Problem details => Leaving out every picture, copy the lines of the material below exactly, from the line containing "Die Bommeln reihen" through the line containing "ഗൃഹനാഥന്‍ വിഷം കഴിച്ചു".

Provided data =>

= = = = =

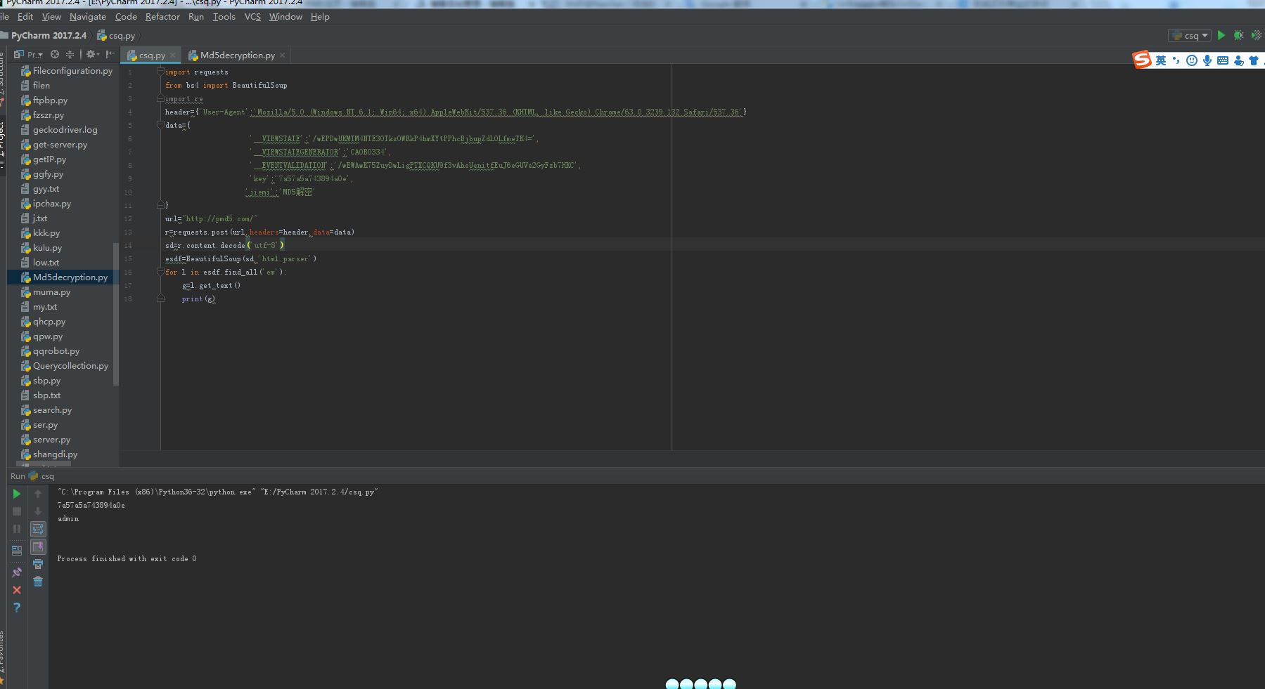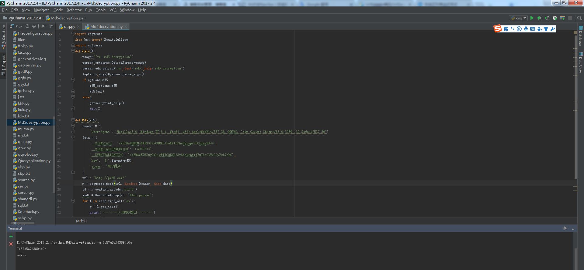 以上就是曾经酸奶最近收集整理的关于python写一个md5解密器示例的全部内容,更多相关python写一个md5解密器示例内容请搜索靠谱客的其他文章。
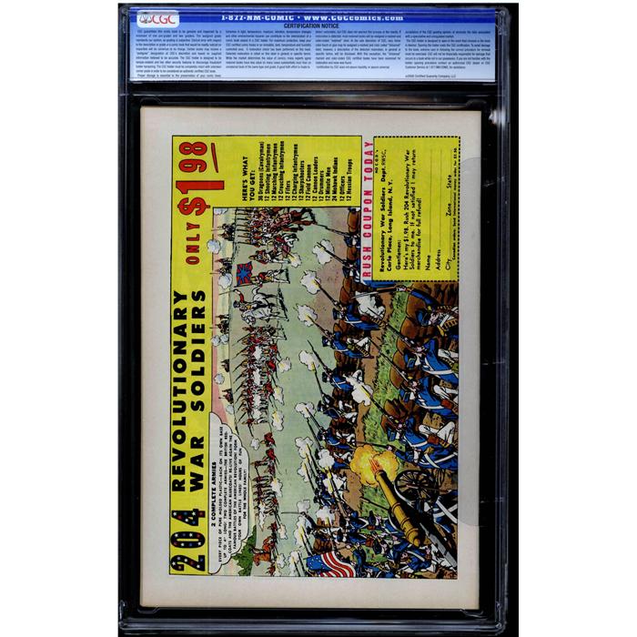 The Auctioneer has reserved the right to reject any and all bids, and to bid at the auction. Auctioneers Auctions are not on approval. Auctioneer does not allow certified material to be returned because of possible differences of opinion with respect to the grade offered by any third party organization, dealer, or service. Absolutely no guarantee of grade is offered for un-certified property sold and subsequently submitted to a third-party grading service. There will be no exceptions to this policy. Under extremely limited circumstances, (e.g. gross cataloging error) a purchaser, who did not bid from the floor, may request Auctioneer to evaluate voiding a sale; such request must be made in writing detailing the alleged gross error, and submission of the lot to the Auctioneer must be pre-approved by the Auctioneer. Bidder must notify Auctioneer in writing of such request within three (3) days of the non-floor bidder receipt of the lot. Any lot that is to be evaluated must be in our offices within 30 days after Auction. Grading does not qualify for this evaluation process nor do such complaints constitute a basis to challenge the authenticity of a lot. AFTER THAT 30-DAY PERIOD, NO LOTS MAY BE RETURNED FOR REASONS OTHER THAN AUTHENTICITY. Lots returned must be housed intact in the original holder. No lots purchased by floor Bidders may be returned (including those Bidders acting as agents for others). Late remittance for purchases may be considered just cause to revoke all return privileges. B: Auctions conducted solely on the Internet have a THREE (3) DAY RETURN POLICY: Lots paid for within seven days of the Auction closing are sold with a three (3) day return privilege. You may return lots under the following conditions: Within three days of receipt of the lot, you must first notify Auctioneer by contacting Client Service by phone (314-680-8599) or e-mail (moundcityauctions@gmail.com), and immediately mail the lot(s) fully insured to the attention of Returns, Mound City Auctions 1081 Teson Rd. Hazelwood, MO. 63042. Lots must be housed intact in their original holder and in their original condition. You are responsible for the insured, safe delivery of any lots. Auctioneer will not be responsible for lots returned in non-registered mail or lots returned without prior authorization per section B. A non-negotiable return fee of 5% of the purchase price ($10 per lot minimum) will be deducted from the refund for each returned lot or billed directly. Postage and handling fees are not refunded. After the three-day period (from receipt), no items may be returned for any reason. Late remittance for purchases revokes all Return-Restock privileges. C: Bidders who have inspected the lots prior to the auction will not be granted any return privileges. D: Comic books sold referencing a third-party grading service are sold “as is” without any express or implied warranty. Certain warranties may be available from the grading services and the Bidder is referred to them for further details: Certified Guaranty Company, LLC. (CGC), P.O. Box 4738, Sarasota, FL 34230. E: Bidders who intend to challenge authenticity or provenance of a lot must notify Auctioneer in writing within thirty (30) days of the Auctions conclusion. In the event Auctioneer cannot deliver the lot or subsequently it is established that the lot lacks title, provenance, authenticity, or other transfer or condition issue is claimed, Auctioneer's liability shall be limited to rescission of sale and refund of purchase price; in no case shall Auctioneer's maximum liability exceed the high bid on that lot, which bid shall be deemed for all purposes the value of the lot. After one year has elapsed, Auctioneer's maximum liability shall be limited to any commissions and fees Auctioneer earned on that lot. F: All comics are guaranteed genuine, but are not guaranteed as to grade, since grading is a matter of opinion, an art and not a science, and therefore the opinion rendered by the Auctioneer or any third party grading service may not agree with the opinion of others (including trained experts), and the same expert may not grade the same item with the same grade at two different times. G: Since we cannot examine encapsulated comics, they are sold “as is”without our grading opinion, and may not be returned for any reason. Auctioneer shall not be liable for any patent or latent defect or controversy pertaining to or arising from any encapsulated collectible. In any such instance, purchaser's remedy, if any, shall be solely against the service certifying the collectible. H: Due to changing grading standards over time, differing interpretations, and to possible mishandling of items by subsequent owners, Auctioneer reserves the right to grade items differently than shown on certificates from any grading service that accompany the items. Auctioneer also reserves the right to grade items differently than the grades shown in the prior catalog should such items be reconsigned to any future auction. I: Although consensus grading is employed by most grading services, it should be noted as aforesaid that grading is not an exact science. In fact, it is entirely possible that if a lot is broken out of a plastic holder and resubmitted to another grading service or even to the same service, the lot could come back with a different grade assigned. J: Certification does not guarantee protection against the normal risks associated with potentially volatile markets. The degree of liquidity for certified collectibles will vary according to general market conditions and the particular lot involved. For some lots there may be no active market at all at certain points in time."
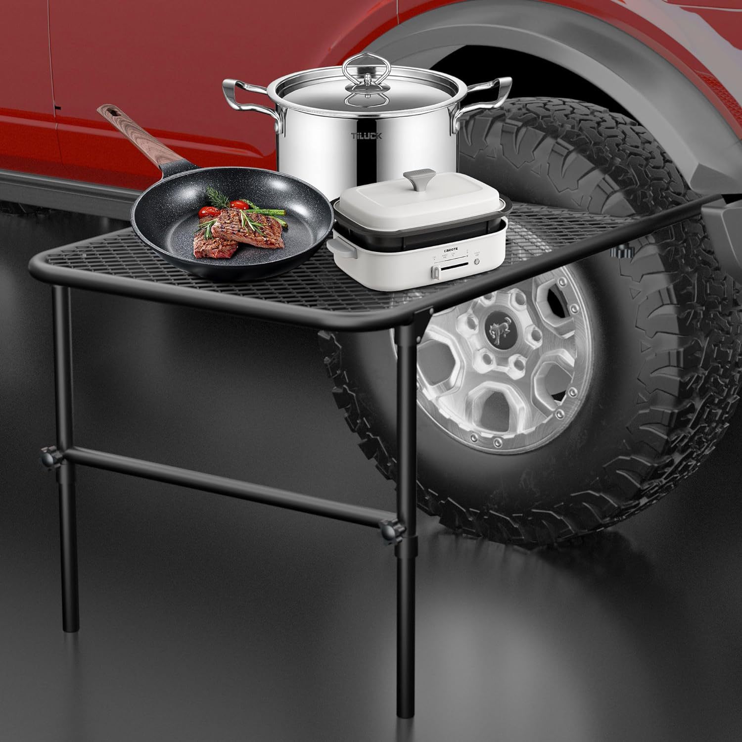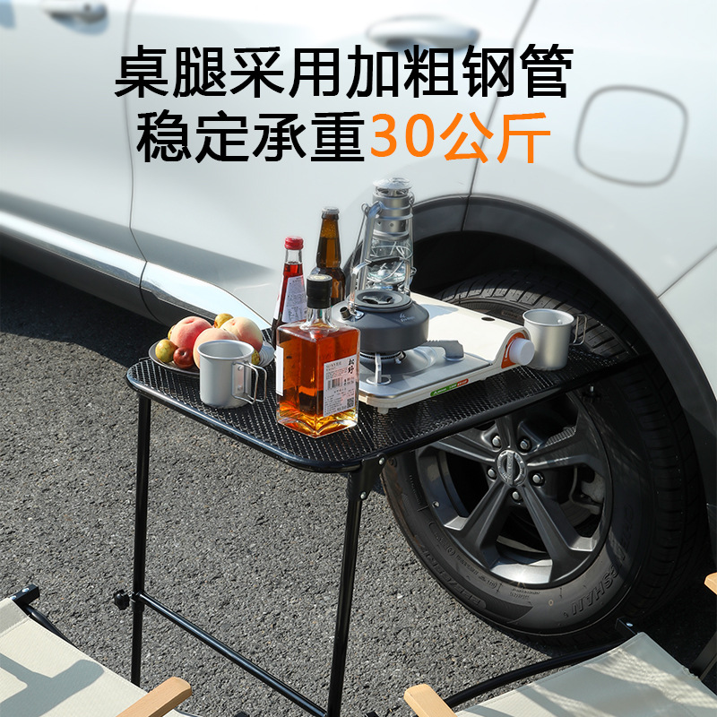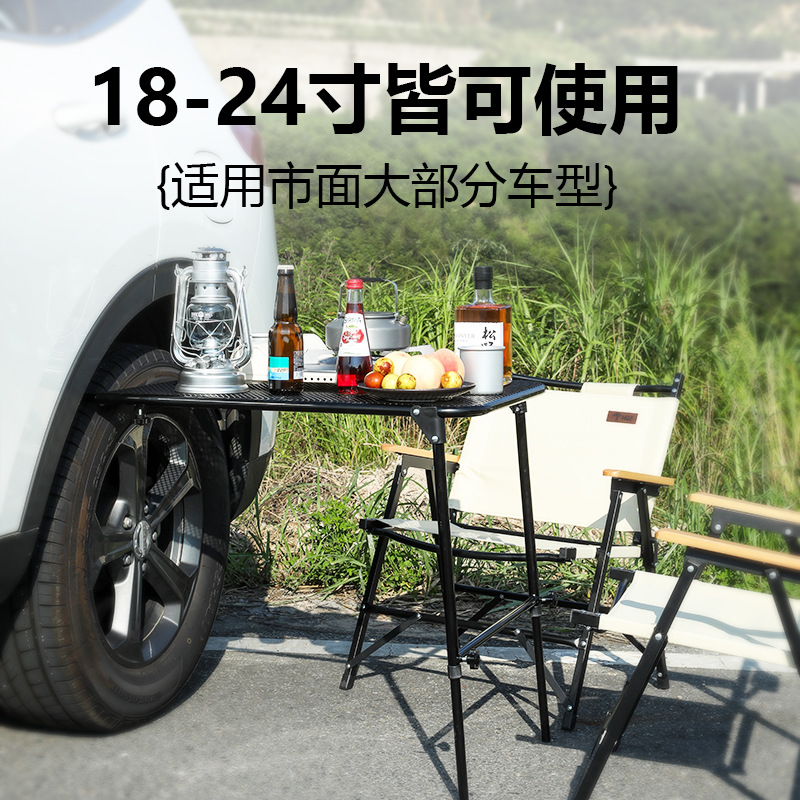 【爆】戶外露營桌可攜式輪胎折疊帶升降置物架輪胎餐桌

= = = = =

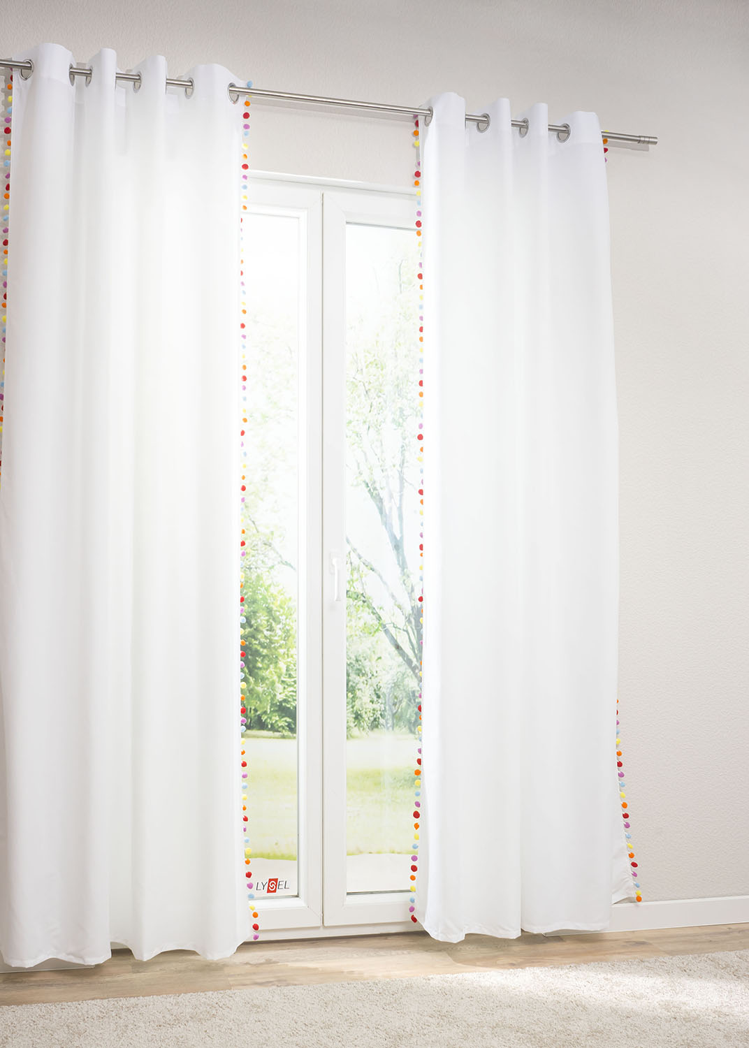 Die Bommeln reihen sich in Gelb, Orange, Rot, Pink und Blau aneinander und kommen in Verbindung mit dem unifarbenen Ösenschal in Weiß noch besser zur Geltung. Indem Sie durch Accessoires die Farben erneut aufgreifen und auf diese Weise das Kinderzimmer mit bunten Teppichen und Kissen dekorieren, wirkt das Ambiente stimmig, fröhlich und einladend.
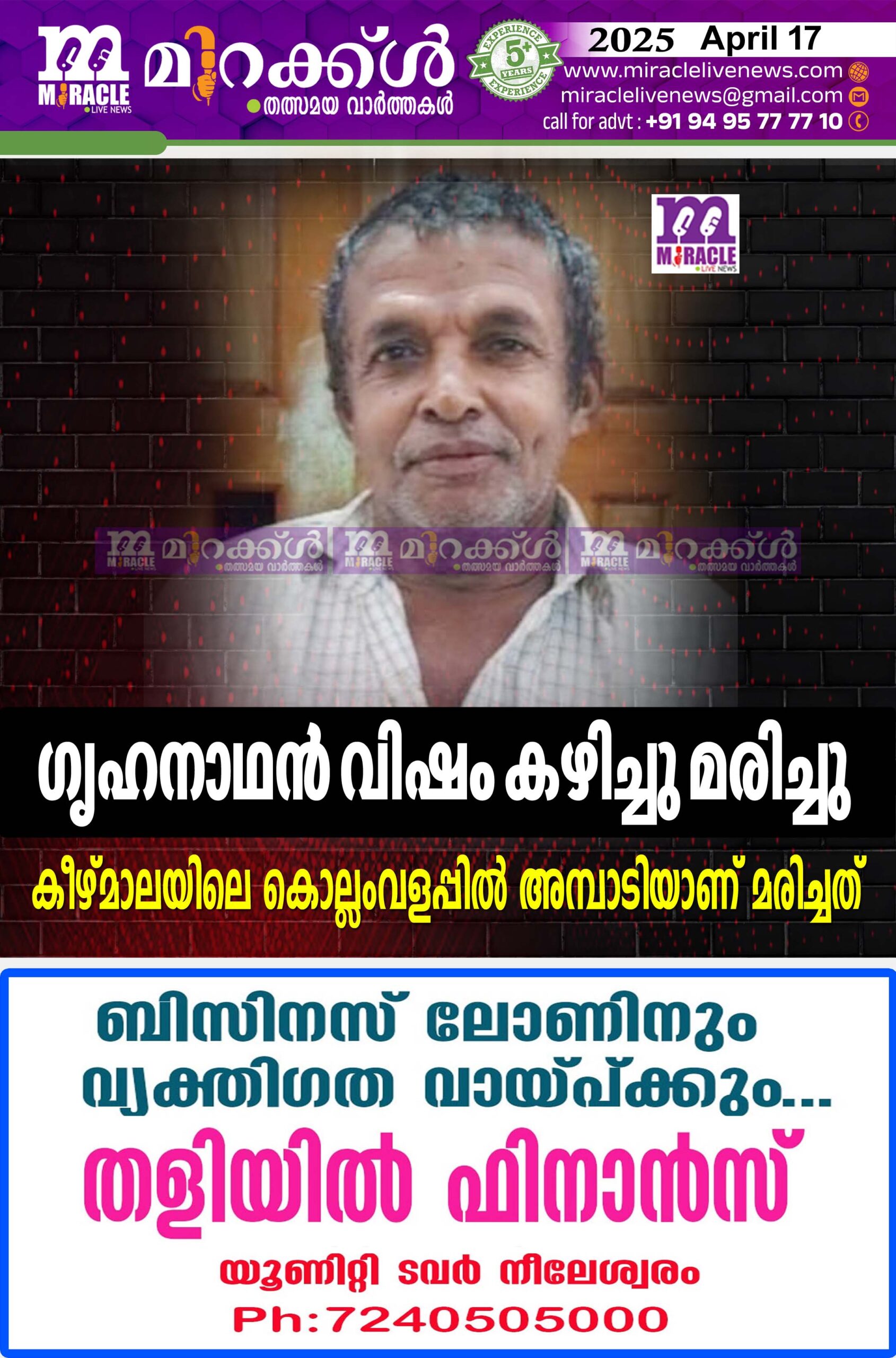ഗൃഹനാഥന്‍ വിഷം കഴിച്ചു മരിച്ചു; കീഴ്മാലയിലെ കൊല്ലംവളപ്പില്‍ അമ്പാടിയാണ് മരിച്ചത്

= = = = =

Response area =>
 Die Bommeln reihen sich in Gelb, Orange, Rot, Pink und Blau aneinander und kommen in Verbindung mit dem unifarbenen Ösenschal in Weiß noch besser zur Geltung. Indem Sie durch Accessoires die Farben erneut aufgreifen und auf diese Weise das Kinderzimmer mit bunten Teppichen und Kissen dekorieren, wirkt das Ambiente stimmig, fröhlich und einladend.
ഗൃഹനാഥന്‍ വിഷം കഴിച്ചു മരിച്ചു; കീഴ്മാലയിലെ കൊല്ലംവളപ്പില്‍ അമ്പാടിയാണ് മരിച്ചത്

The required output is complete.